■ Description of the task ■
Leave out the pictures, and retype only the lines from the beginning of the material through the line that contains "露地で栽培するアフリカ原産の", including both.

• • •

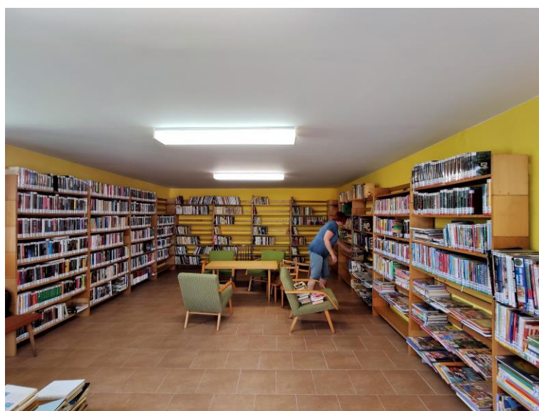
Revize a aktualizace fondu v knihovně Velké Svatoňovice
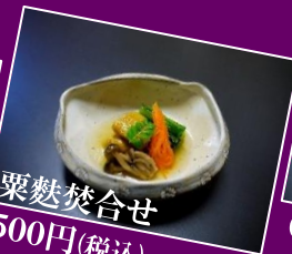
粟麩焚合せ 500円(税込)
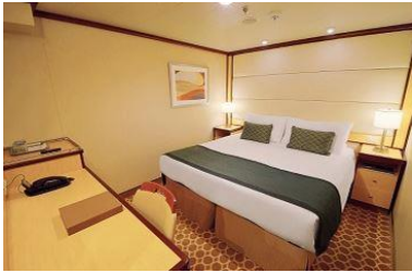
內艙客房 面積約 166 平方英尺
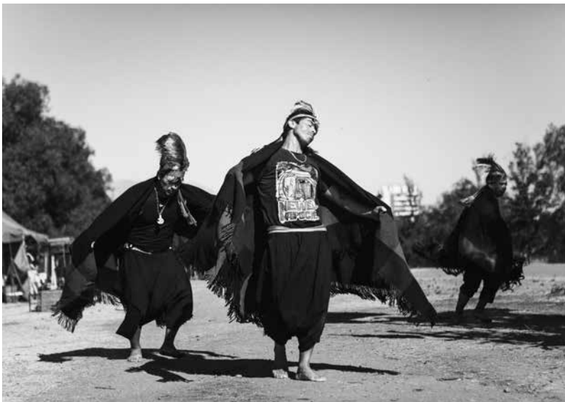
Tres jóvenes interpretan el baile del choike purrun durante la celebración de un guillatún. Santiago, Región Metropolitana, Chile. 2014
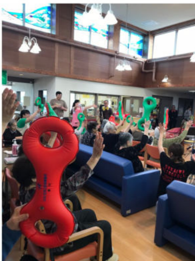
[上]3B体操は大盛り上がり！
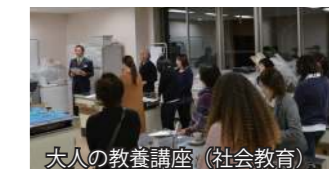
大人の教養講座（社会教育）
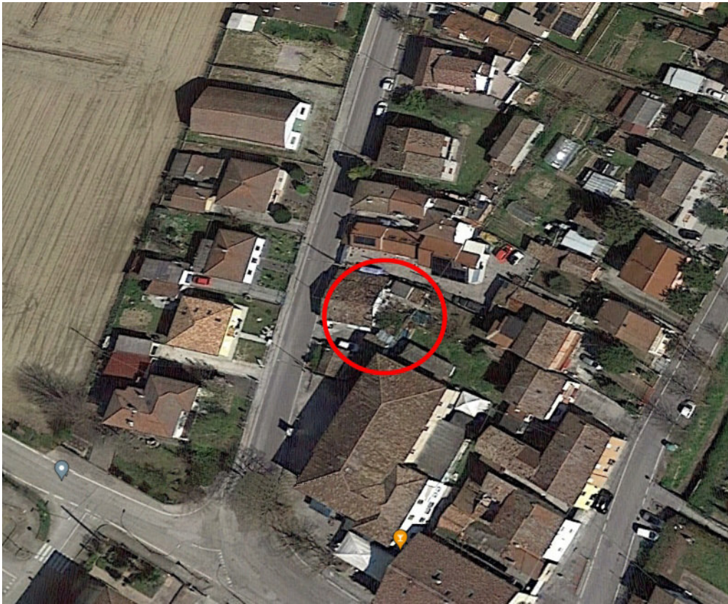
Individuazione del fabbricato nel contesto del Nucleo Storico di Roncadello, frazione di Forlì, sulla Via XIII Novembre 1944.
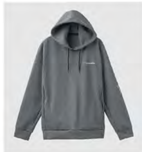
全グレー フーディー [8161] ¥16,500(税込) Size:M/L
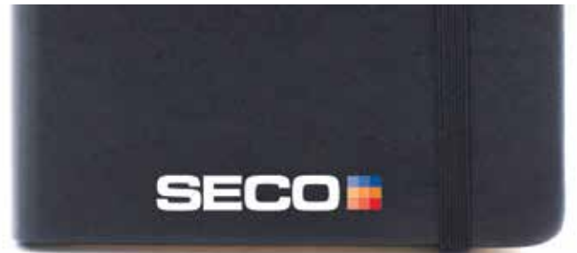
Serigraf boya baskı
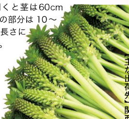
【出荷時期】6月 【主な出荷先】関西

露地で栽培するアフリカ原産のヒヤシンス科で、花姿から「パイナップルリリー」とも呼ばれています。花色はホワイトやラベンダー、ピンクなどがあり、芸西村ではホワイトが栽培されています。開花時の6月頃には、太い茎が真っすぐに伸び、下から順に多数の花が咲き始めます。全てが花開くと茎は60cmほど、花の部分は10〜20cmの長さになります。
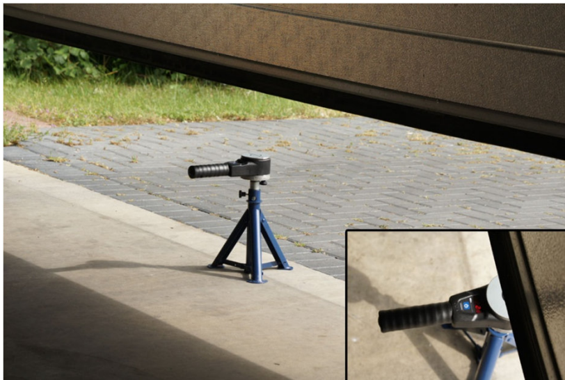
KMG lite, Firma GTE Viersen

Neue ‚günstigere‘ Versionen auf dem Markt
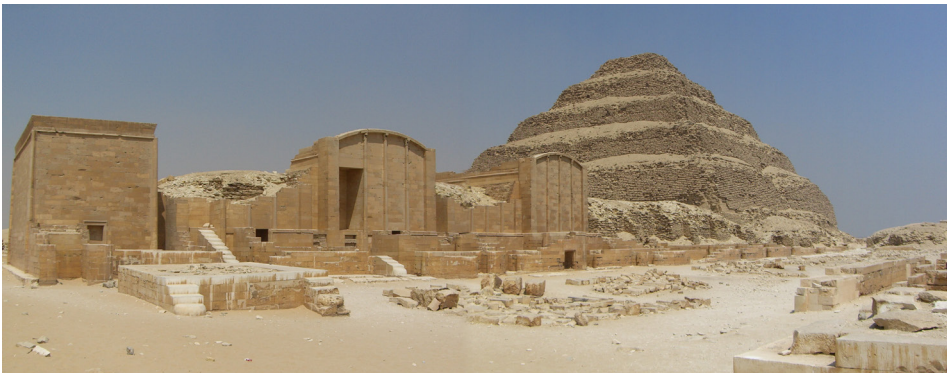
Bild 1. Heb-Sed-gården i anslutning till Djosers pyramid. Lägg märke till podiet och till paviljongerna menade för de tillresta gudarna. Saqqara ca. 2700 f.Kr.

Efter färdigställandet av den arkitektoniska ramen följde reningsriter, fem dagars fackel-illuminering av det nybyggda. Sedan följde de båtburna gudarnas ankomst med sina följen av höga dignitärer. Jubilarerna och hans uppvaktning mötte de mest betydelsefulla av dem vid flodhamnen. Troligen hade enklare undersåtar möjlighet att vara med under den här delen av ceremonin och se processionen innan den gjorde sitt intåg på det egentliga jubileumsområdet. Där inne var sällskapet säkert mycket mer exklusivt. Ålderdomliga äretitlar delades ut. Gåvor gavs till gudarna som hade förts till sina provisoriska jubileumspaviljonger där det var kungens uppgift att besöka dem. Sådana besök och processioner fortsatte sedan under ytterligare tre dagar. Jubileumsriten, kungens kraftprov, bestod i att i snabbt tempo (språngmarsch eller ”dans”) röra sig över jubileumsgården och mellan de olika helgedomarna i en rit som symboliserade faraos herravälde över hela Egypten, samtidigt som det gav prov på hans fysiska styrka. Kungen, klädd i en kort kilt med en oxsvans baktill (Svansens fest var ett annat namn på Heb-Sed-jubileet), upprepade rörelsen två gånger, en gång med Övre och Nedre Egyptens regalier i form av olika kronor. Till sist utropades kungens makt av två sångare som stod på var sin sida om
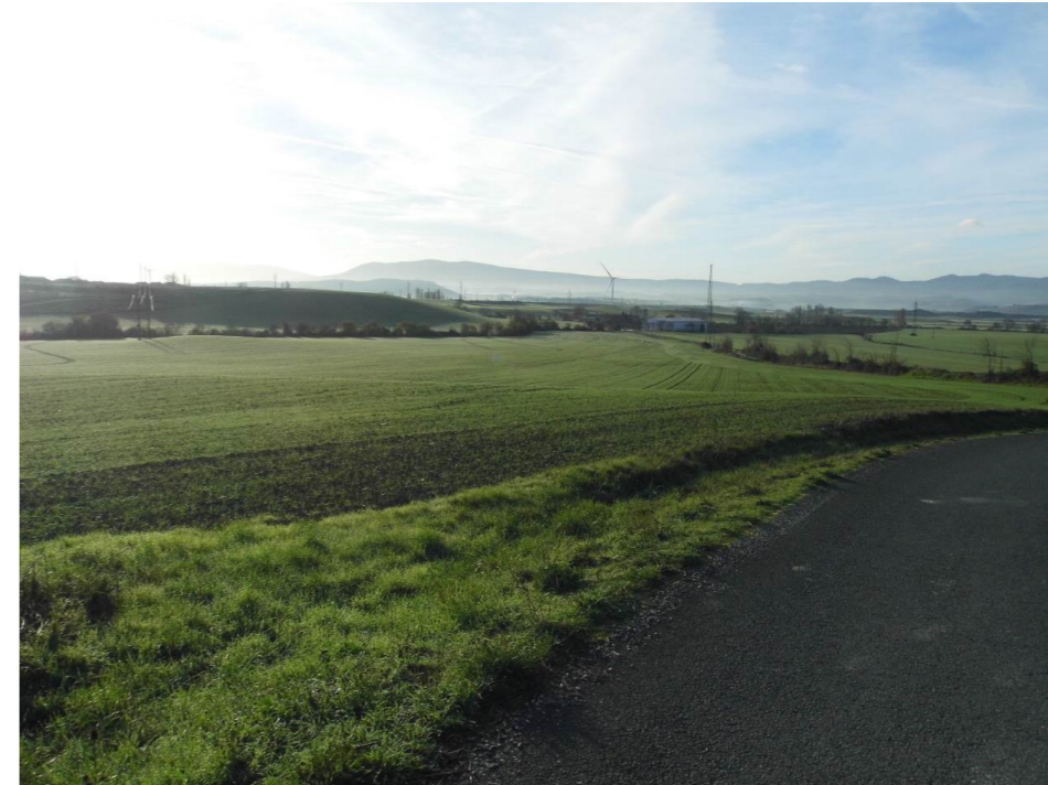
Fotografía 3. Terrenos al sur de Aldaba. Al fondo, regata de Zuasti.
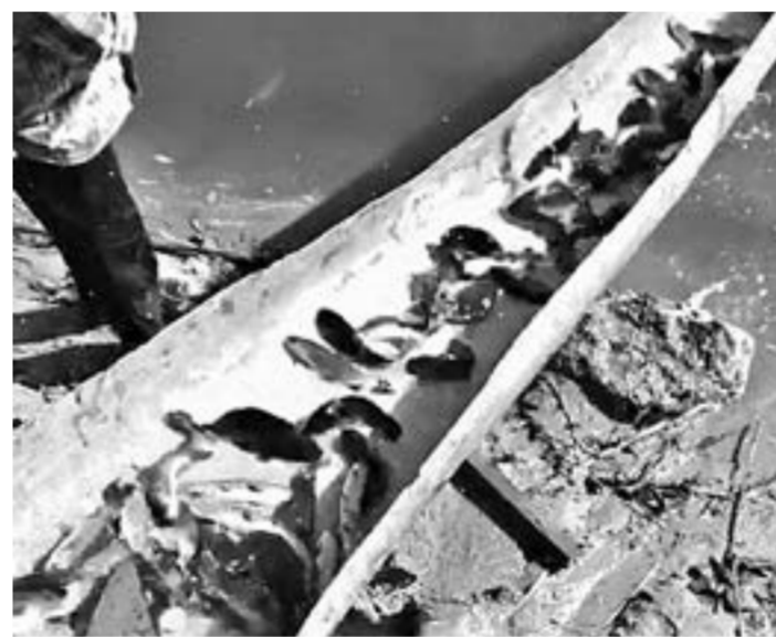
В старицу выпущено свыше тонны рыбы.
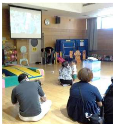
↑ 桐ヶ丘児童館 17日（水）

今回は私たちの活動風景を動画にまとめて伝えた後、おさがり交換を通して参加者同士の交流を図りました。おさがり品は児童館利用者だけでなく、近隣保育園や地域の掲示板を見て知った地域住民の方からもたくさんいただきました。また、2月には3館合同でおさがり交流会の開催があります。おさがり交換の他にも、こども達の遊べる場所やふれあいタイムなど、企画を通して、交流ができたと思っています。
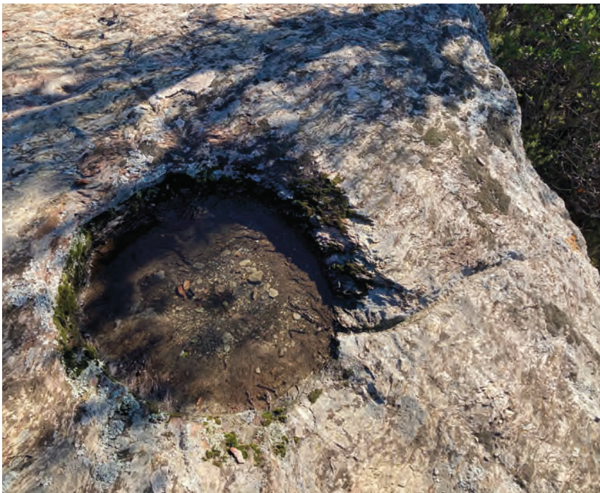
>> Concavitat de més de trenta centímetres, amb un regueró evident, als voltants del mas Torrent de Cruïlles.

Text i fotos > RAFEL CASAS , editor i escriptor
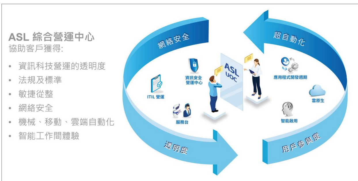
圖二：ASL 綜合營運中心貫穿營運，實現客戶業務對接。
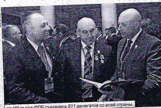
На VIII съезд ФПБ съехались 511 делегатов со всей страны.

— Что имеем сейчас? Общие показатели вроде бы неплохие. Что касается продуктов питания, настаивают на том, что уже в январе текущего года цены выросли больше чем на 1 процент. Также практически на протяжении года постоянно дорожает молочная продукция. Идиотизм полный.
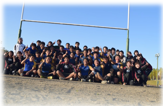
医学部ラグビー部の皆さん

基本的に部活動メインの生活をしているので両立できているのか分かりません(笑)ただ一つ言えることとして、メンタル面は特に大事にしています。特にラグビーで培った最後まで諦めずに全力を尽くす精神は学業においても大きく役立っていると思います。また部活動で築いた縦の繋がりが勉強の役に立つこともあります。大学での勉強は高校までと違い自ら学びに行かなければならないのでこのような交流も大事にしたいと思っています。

• • •

■ Exercise solution ■
Revize a aktualizace fondu v knihovně Velké Svatoňovice
粟麩焚合せ 500円(税込)
內艙客房 面積約 166 平方英尺
Tres jóvenes interpretan el baile del choike purrun durante la celebración de un guillatún. Santiago, Región Metropolitana, Chile. 2014
[上]3B体操は大盛り上がり！
大人の教養講座（社会教育）
Individuazione del fabbricato nel contesto del Nucleo Storico di Roncadello, frazione di Forlì, sulla Via XIII Novembre 1944.
全グレー フーディー [8161] ¥16,500(税込) Size:M/L
Serigraf boya baskı
【出荷時期】6月 【主な出荷先】関西

露地で栽培するアフリカ原産のヒヤシンス科で、花姿から「パイナップルリリー」とも呼ばれています。花色はホワイトやラベンダー、ピンクなどがあり、芸西村ではホワイトが栽培されています。開花時の6月頃には、太い茎が真っすぐに伸び、下から順に多数の花が咲き始めます。全てが花開くと茎は60cmほど、花の部分は10〜20cmの長さになります。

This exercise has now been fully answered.